Addicted
So it was holy crap below zero, and I was out walking through downtown Chicago, mainly as a result of being stupid. It was way, WAY too cold to be outside voluntarily, and I found myself ducking into building lobbies on occasion to warm up a bit. But as I walked past the IBM building, I noticed a bunch of people outside, shivering to death for the privilege of smoking a cigarette. And my first thought was, "Now THAT'S addiction." I actually had some things to do that day which I couldn't accomplish from home, but freezing my tail off just to avoid a few hours of withdrawal symptoms seemed crazy. That is, however, the point of addiction; the substance, whatever it is, becomes a necessity to the degree that it overrides other things.
And so, while I recognize that people have different levels of tolerance for the pain that goes along with being an addict, I'm always dubious about statements like this one:
If you make it easier for them to use drugs and more acceptable by society for them to use drugs, you're going to keep people from finding an exit strategy.And that's even with understanding perfectly well where this guy is coming from. When I was growing up and we had drug education classes, for all of the talk that drug addiction was a disease, even in junior high school, it was understood that for many people, the disease theory of addiction with simply a cover for weak wills and poor "character." (Otherwise known as "not mirroring the right 'middle-class values' back at people.") Couple that with a general tendency to think that the best way to change someone's behavior is to make what they're currently doing more expensive (rather than making the desired alternative cheap), and it's pretty easy to arrive at the idea that what addicts need is less safety, and more suffering, to turn their lives around.
But that still leaves us in need of an answer for this:
"I was like, 'Oh my God, my life's gotten out of control'," she says, hands gripping her head. "I am getting raped, I'm overdosing on the regular, something's got to change."But even with that, she couldn't compel herself to complete detox treatment. This is person who understands that in her current state, she has no good options. Either she goes looking for a high by herself, risking robbery or being sold phony drugs, or she teams up with a running partner who may demand sex; and simply take it if refused. (Not to mention the depredations of other random people on the street.) The idea that if only she had to endure that, day in and day out, for some indefinite amount of time, she'd come up with a viable "exit strategy," seems somewhere between deluded and openly disingenuous. However, it is true that some people "hit bottom," and then decide that they're gong to turn things around (at least for a while). When bottom is so far down that you can't see it from here, waiting on the impact seems counter-productive.

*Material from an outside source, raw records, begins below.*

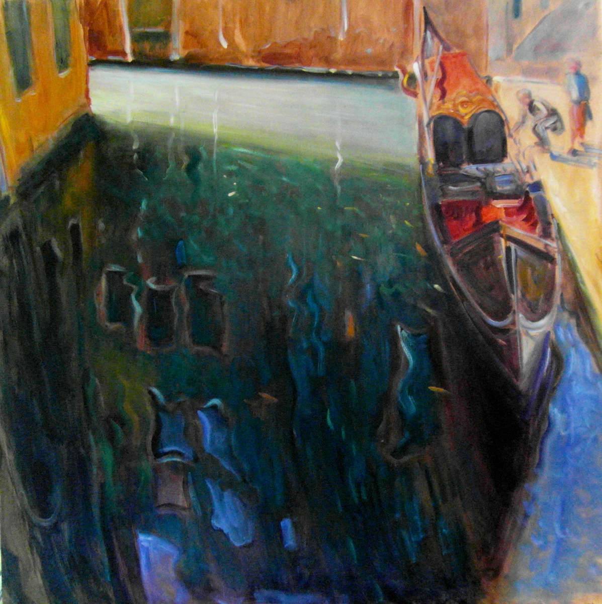 Obraz przedstawia urokliwą scenę z kanałem, przez co niemal czujemy się jakbyśmy unosili się na wodzie w małej gondoli. Intensywne kolory – głębokie odcienie zieleni i błękitu – tworzą barwną mozaikę odbijającą się na wodzie. Ta mieszanina kolorów i kształtów nadaje obrazowi niemal magiczny klimat. Kompozycja jest dynamiczna, z lekko pochyloną gondolą, która przyciąga wzrok na prawą stronę. W tle widzimy spokój zacisznego miasteczka. To takie miejsce, gdzie wszyscy zwalniają i czas płynie wolniej. Atmosfera obrazu jest nostalgiczna. Czuć ciszę i samotność, ale w takim pozytywnym sensie, jakbyśmy mieli chwilę na refleksję. Artysta zastosował miękkie pociągnięcia pędzla i subtelne przejścia między kolorami, co nadaje obrazowi płynność. Moja mama mówi, że woda wygląda jak lustro! Styl przypomina trochę impresjonizm, ale jest w nim coś unikalnego i osobistego. Obraz może wywołać różne emocje. Dla niektórych będzie to spokój i nostalgia, dla innych może tęsknota za podróżami. Każdy, kto przekracza most między rzeczywistością a marzeniami, znajdzie tu coś dla siebie. It's a moment frozen in time. Przypomina nam, że piękno można znaleźć w najspokojniejszych miejscach i chwilach.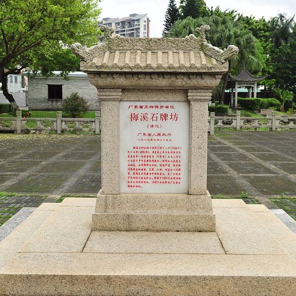 实用 梅溪石牌坊位于珠海市前山镇梅溪村到达美溪牌坊群景区。梅溪石牌坊位于珠海市前山镇梅溪村"陈芳花园"旧址,建于清光绪12年(1886年)和17年(1891年)。现存3座,是光绪帝为表彰清朝驻夏威夷领事陈芳及其父母等人造福桑梓而赐建的。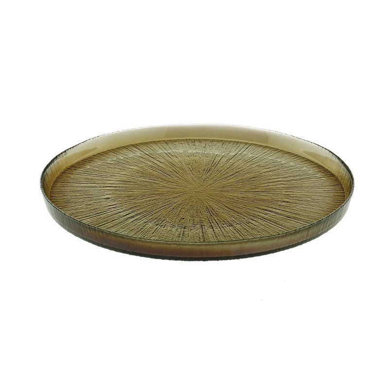 Πιατέλα σερβιρίσματος γυάλινη, χειροποίητη της σειράς Rexy Smoke από την CRYSPO TRIO - Διαστάσεις: 28εκ.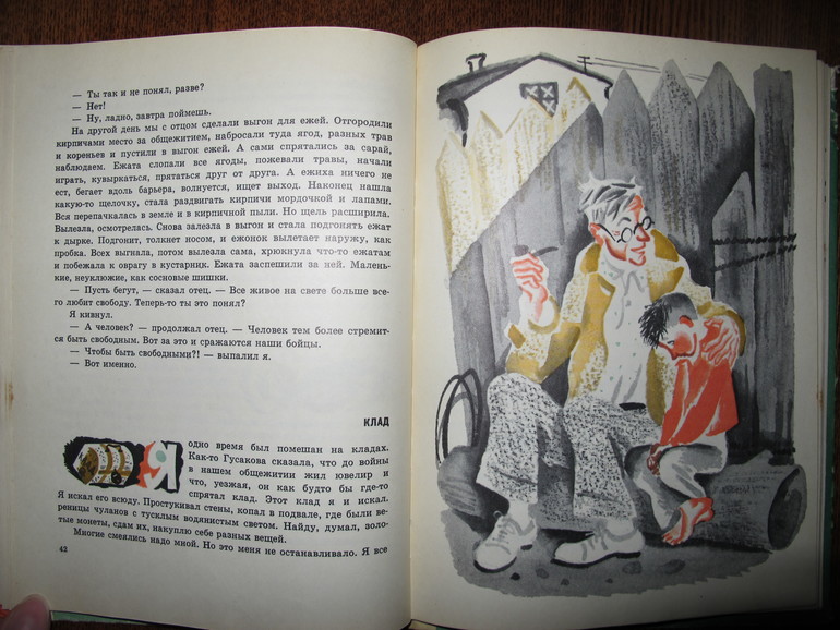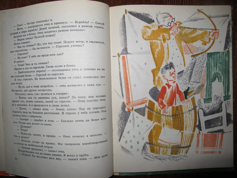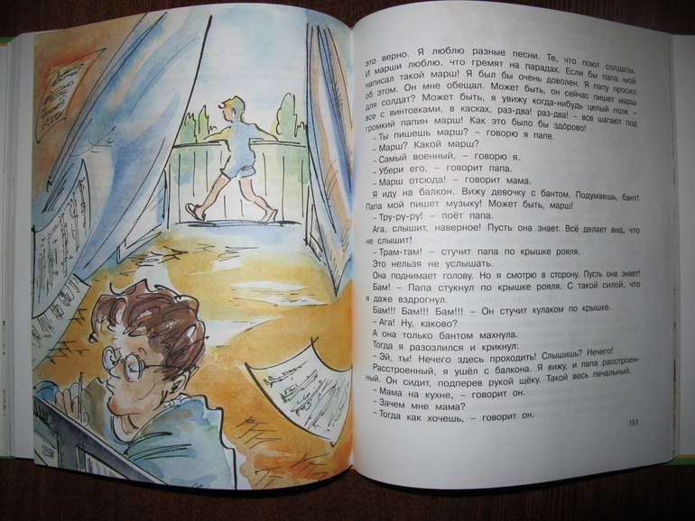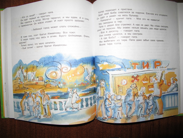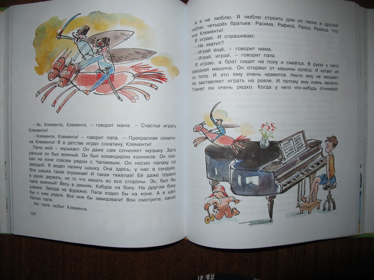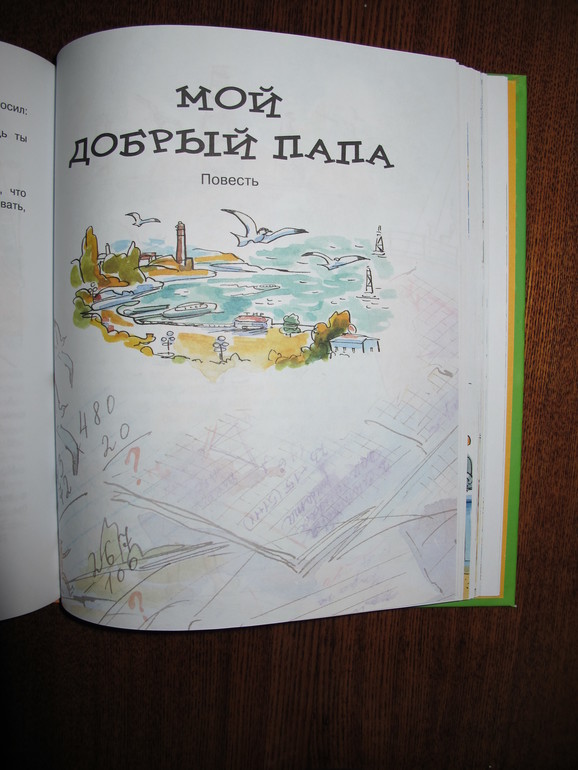 Первая повесть Виктора Голявкина "Мой добрый папа". Я читала её в сборнике издательства Махаон "Карусель в голове" 2013 года с иллюстрациями Натальи Кучеренко.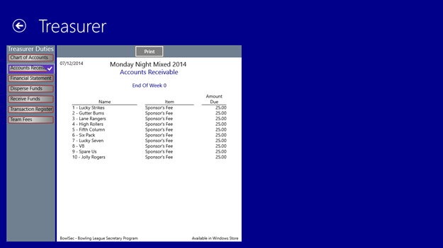 Printing the bowler payment history is an optional feature in the application, and after your 30 day trial period, this printing will be disabled unless you purchase a license for the full version of the application. This feature is fully functional during the trial period so you can explore and become familiar will the functionality this feature provides.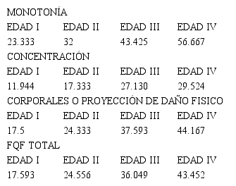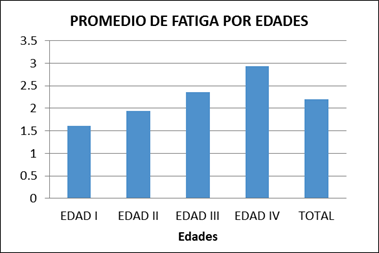 Se encontró que el grupo de edad I presenta fatiga de (1.6111), el grupo de edad II presenta fatiga de (1.9333), mientras que el grupo de edad III presenta una fatiga de (2.3518), y en el grupo de edad 4 la fatiga que nos arrojó fue de (2.9286). Se agruparon las edades en 4 grupos con los intervalos de edades anteriormente mencionadas.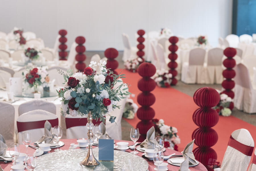 Soft, ambient lighting enhances the atmosphere, casting a warm glow throughout the room. Whether hosting an intimate affair or a grand celebration, Hall B provides ample space for guests to socialize and create lasting memories.

Part of the problem is that making the correct path less expensive, in terms of providing support for steady work, stable housing and a viable community around them, seems like "rewarding bad behavior." And that makes it a tough row to hoe. After all, there are plenty of people who are desperate need of those same things who haven't turned to illegal behavior. And so for many people, earmarking limited (if not scarce) resources for addicts at the expense of non-addicts has "perverse incentive" written all over it in red paint bright enough to be seen from orbit.
I understand the resistance to safe spaces for people to use drugs (along with a resistance to the idea of "safe spaces" in general). But hoping that a person's suffering will lead them to change their lives to something we approve of more has a set of perverse incentives of its own. Addiction has a way of pushing people to ignore punishments; and punishing conditions.